◆ **TRY IT**: From the data that follows, set down exactly the lines from the one with "集めたバッジを大切に守り、き" through the one with "ほどよい甘味のホワイトチョコ", counting both. Pictures stay out.

** Opening RECORDS SHOWN block **

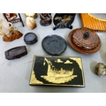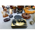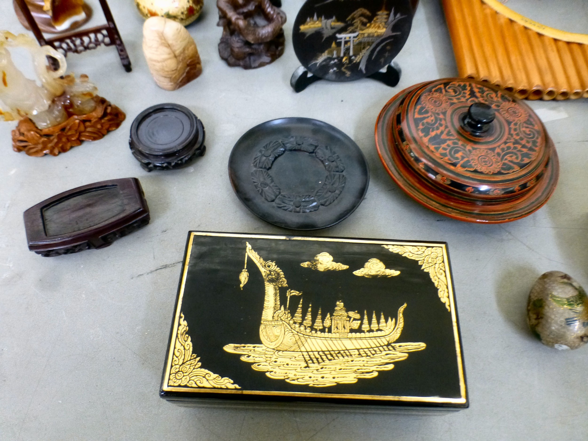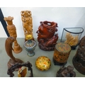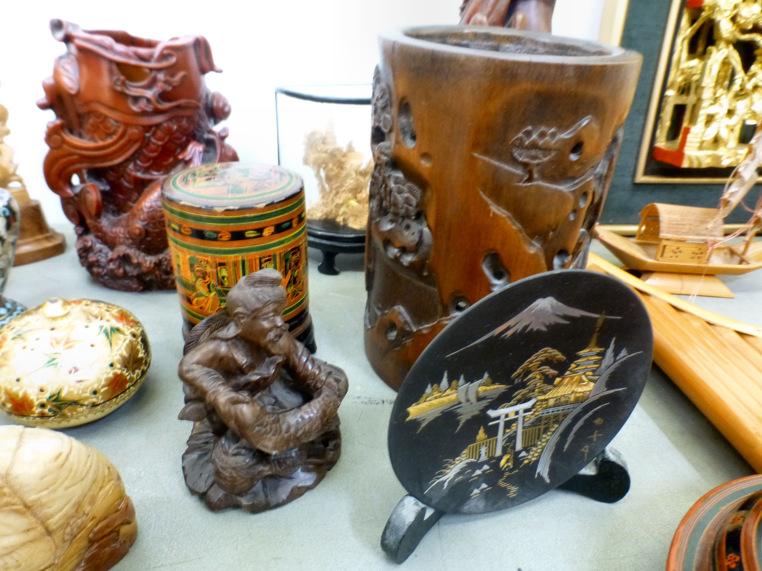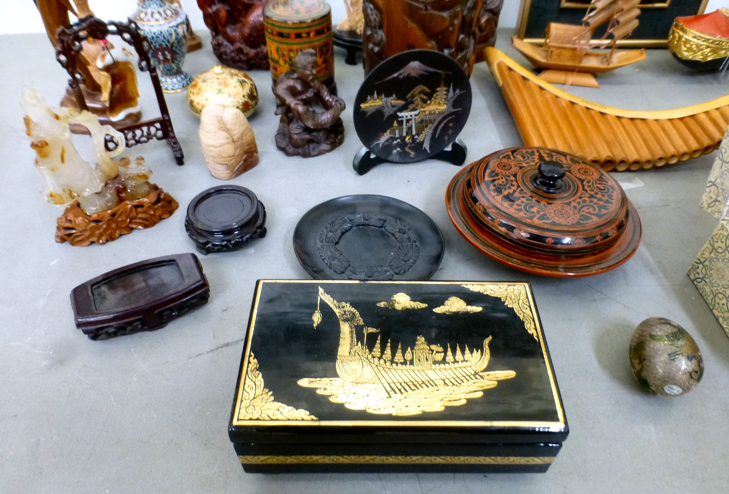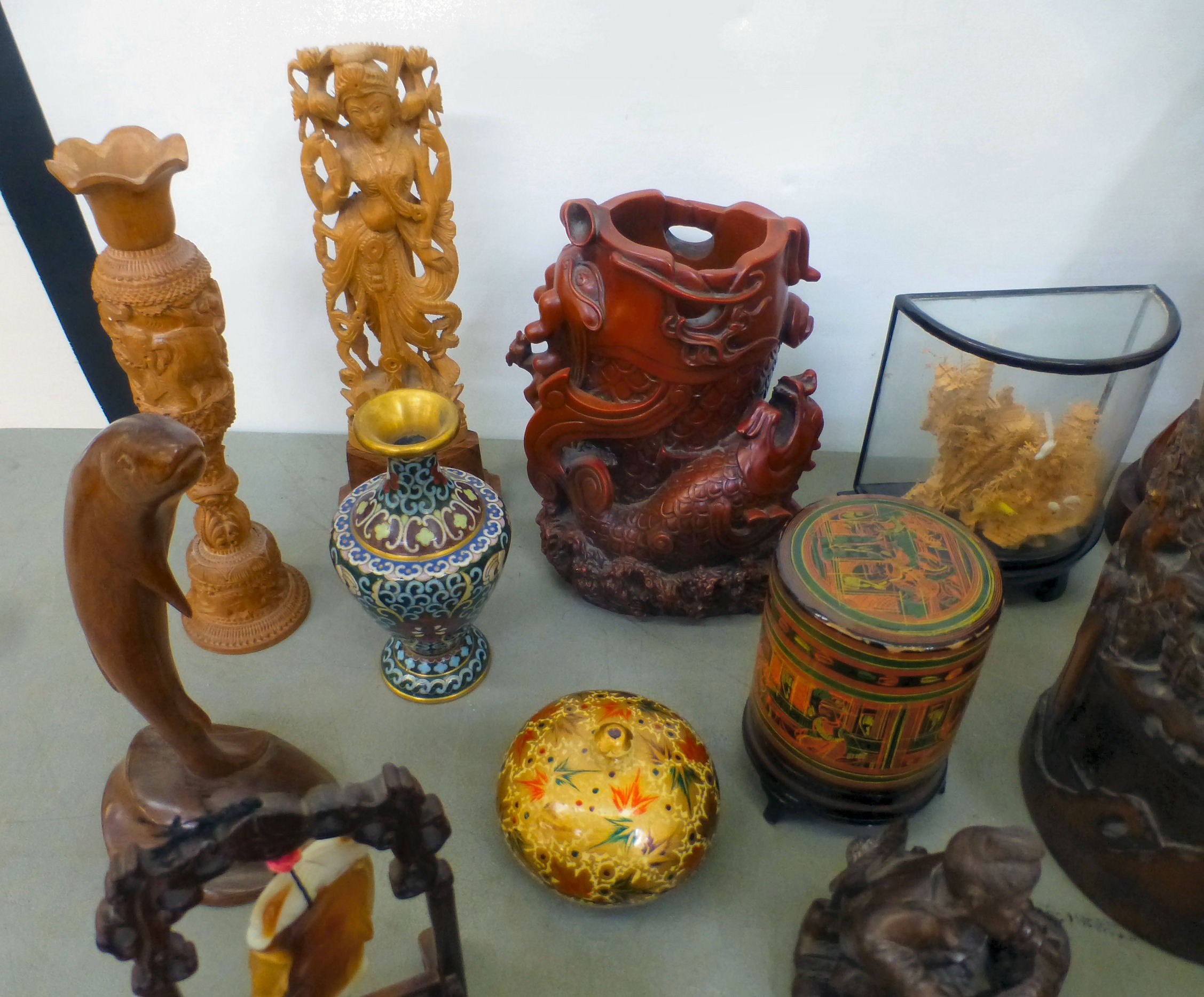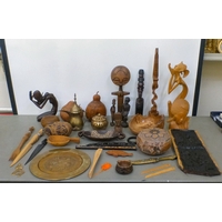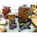A mixed lot: to include a Saung-Guak harp, decorated with gilding 13"h; and a carved wooden model, two horses fighting 12"h
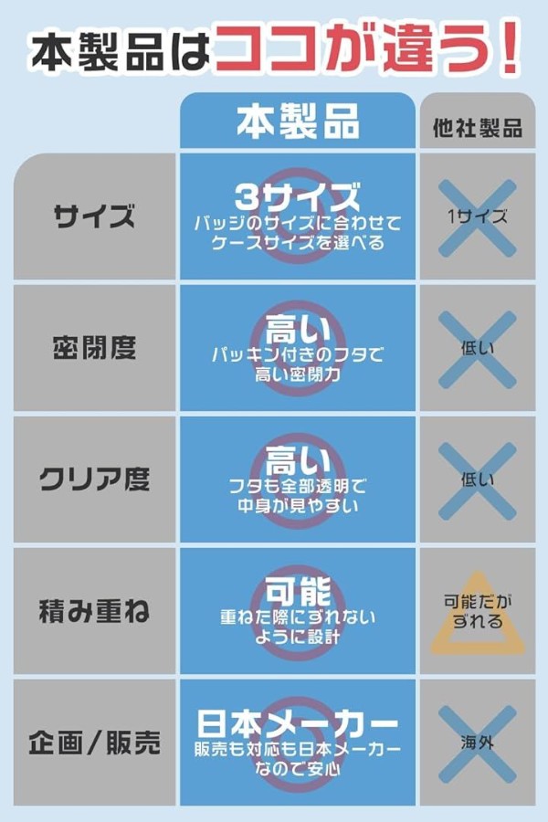 集めたバッジを大切に守り、きれいに整理できるケースは、コレクターに喜ばれるアイテムです。
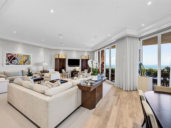 A true paradise in the sky! This stunning penthouse features a private elevator opening directly into an elegant, meticulously renovated space, offering endless views of Biscayne Bay. The unit flows effortlessly from east to west, capturing vistas from every angle. Designed for seamless living featuring 11-foot ceilings & state-of-the-art customized electronics, it exudes both warmth & sophistication. The oversized primary bedroom provides a luxurious retreat while the 3rd en-suite bedroom is currently used as a library. Resort living at the Gables Club offers unparalleled privacy & security. Enjoy exclusive amenities including a private restaurant, 4 tennis courts, luxurious spa & gym facilities, & comprehensive concierge services. Experience the perfect blend of relaxation & convenience.
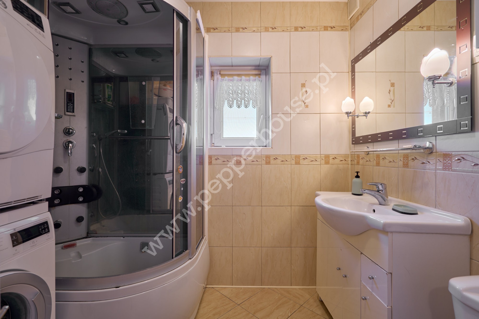 Łazienka – 4,5 m² pralką oraz wanną z funkcją prysznica,
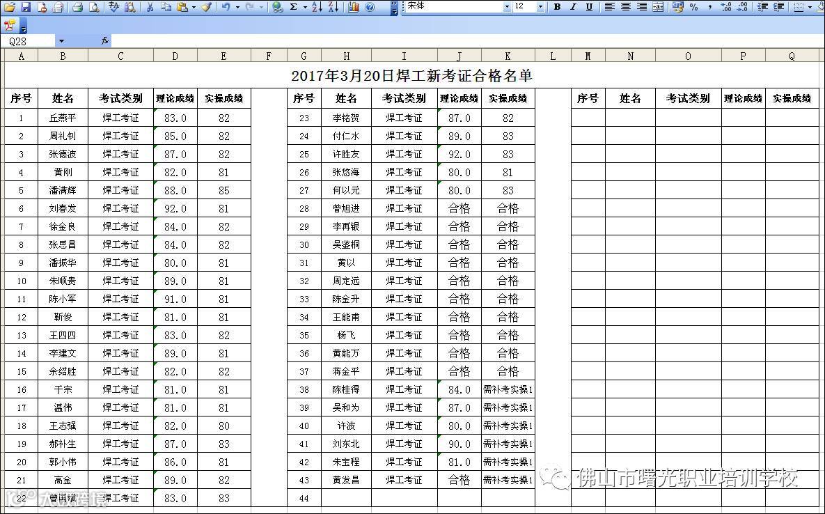 2017.3.20:焊工新考证合格名单 佛山市曙安安全技术服务公司
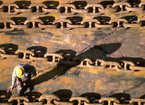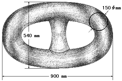 The weight of one link is 270 Kg, and 90 feet is 12 tons.
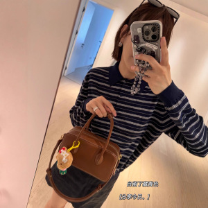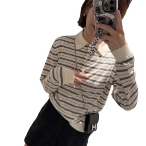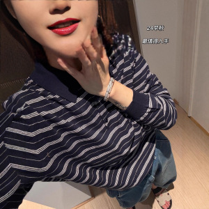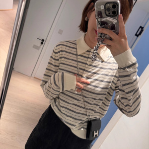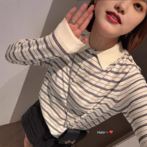 早秋大爆款!新款miu系既视感巨耐看条纹翻领针织polo衫上衣女潮
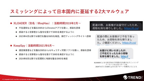 さらにフィッシング詐欺の主戦場がPCからスマートフォンへと急速に移行している。特に「スミッシング」と呼ばれるSMSを利用した詐欺が拡大しており、国内では「XLOADER」と「KeepSpy」という2つの不正アプリが大きな脅威となっている。
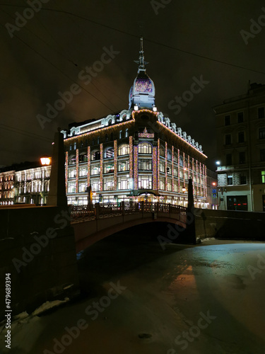 © Elena, Naklejka premium Red Bridge and the Trade House "At the Red Bridge" on the Moika River in St. Petersburg, decorated with garlands for Christmas and New Year.
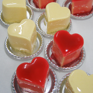 ほどよい甘味のホワイトチョコレートムースの中にグリオットチェリーのジュレを閉じ込めました。仕上げにナパーシュでコーティング♪
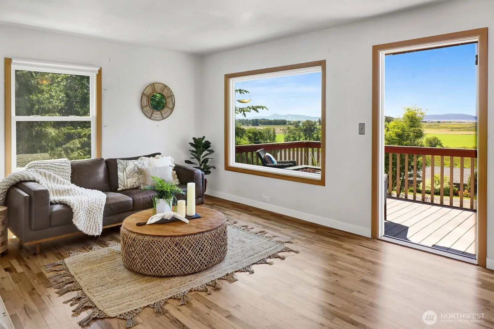 Enjoy breathtaking views of Samish Bay, the San Juan Islands, and the Skagit Valley from this 1.79-acre property in a peaceful, private corner of sought-after Bow. This charming bungalow blends vintage character with modern comfort—original hardwood floors, built-ins, and a quaint kitchen are complemented by a fully finished lower level and a new ductless mini-split for efficient heat and A/C. The expansive new primary suite is a true retreat, featuring a spa-like bath with a walk-in shower, elegant soaker tub, and designer finishes. Step onto the deck and take in world-class views—perfect for morning coffee, birdwatching, and quiet reflection. A rare offering with unforgettable scenery.
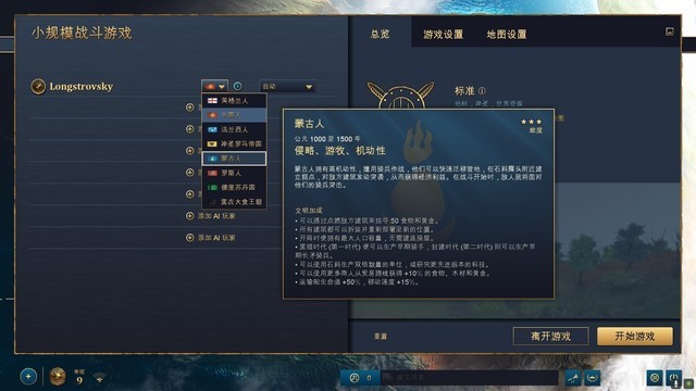 对于新增的文明,大家可能最关心的就是中国文明和蒙古文明,蒙古文明的最大特色就是所有的建筑都可以打包变成单位带走,到其他地方重新部署,这充分展现了游牧的特色。
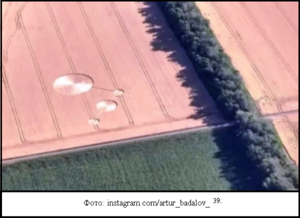 Наиболее интересным является 3 гипотеза – инопланетный фактор. На полях различных сельскохозяйственных культур, будь то пшеница или кукуруза, образуются различные геометрические фигуры, диаметр которых колеблется от одного метра и более. Как правило, внутри этих пиктограмм колосья скручены неведомой силой по часовой стрелке, при этом стебли колосьев согнуты (не сломаны!) под прямым углом. Отмечается изменение в микроэлементном составе почвы и повышение радиации.
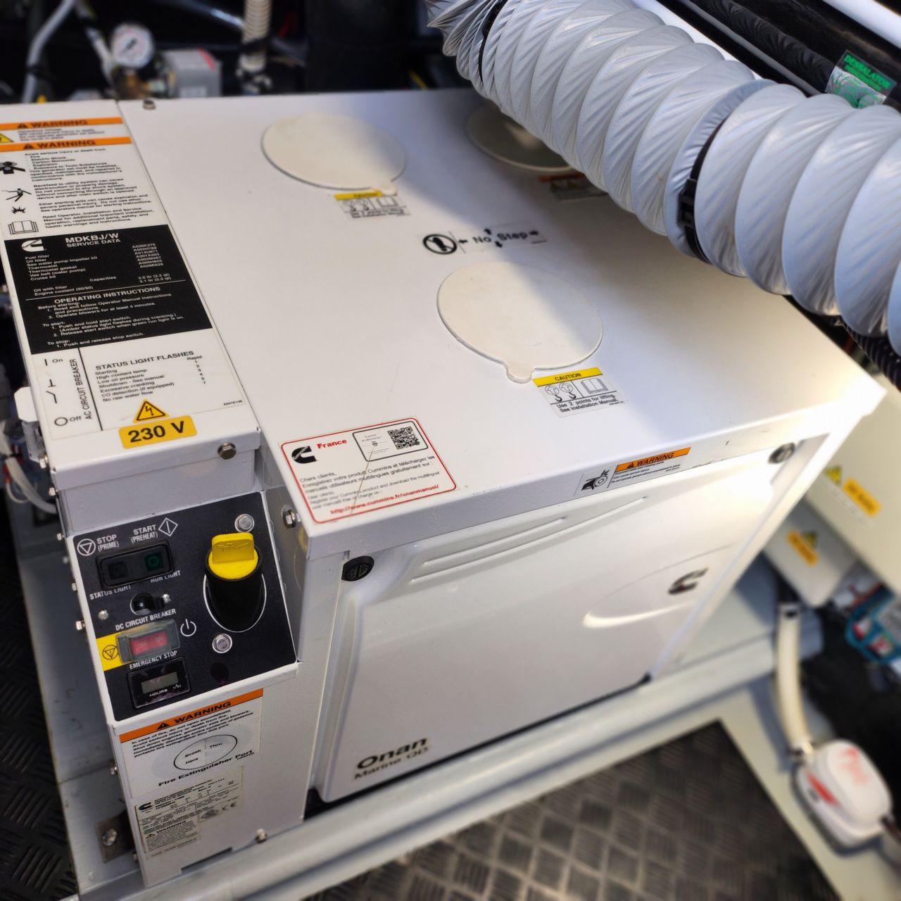 - Gekapselter 3 Zylinder-Dieselgenerator ONAN 8 KW (Betriebsstunden Stand Mai 2024: 58 h)

** Closing RECORDS SHOWN block **

◆ **ANSWER AREA**:
 集めたバッジを大切に守り、きれいに整理できるケースは、コレクターに喜ばれるアイテムです。
 A true paradise in the sky! This stunning penthouse features a private elevator opening directly into an elegant, meticulously renovated space, offering endless views of Biscayne Bay. The unit flows effortlessly from east to west, capturing vistas from every angle. Designed for seamless living featuring 11-foot ceilings & state-of-the-art customized electronics, it exudes both warmth & sophistication. The oversized primary bedroom provides a luxurious retreat while the 3rd en-suite bedroom is currently used as a library. Resort living at the Gables Club offers unparalleled privacy & security. Enjoy exclusive amenities including a private restaurant, 4 tennis courts, luxurious spa & gym facilities, & comprehensive concierge services. Experience the perfect blend of relaxation & convenience.
 Łazienka – 4,5 m² pralką oraz wanną z funkcją prysznica,
 2017.3.20:焊工新考证合格名单 佛山市曙安安全技术服务公司
 The weight of one link is 270 Kg, and 90 feet is 12 tons.
 早秋大爆款!新款miu系既视感巨耐看条纹翻领针织polo衫上衣女潮
 さらにフィッシング詐欺の主戦場がPCからスマートフォンへと急速に移行している。特に「スミッシング」と呼ばれるSMSを利用した詐欺が拡大しており、国内では「XLOADER」と「KeepSpy」という2つの不正アプリが大きな脅威となっている。
 © Elena, Naklejka premium Red Bridge and the Trade House "At the Red Bridge" on the Moika River in St. Petersburg, decorated with garlands for Christmas and New Year.
 ほどよい甘味のホワイトチョコレートムースの中にグリオットチェリーのジュレを閉じ込めました。仕上げにナパーシュでコーティング♪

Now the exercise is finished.